EXERCISE DETAILS:
Your response to the data below should hold nothing except the lines from the one containing "Bricka nipperask figuriner" down to the one containing "4、进入发表帖子页面,在【请", reproduced exactly and without pictures.

DATA TO EXAMINE:

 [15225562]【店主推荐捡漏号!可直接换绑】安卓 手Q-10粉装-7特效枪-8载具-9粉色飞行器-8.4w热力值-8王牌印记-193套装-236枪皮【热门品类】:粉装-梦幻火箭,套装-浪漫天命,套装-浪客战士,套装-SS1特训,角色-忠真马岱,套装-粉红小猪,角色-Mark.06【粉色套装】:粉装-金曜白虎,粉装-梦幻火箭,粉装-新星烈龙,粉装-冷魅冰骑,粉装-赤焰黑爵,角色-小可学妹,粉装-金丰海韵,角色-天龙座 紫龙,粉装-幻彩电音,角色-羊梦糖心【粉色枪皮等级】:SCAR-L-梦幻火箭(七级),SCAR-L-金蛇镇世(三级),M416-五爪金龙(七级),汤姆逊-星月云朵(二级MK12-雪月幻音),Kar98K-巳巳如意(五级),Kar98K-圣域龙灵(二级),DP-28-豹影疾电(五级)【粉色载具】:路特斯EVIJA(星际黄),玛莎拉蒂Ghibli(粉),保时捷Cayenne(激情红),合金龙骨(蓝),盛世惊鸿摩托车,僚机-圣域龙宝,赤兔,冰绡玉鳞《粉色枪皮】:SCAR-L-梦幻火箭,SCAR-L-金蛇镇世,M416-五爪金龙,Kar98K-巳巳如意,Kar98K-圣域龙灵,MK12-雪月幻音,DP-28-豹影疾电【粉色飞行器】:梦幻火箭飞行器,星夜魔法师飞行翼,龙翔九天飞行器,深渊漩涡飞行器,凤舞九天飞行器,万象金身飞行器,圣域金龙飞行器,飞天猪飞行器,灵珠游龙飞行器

...

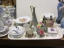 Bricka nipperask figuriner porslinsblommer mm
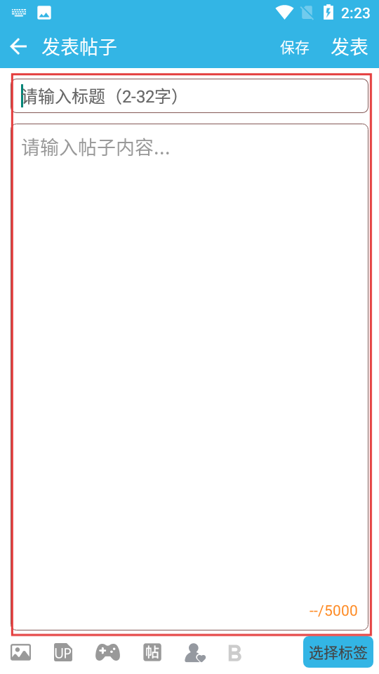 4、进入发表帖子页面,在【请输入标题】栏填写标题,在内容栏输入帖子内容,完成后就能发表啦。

...

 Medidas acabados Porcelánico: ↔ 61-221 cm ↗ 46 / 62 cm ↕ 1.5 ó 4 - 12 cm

ANSWER FOR THIS EXERCISE:
 Bricka nipperask figuriner porslinsblommer mm
 4、进入发表帖子页面,在【请输入标题】栏填写标题,在内容栏输入帖子内容,完成后就能发表啦。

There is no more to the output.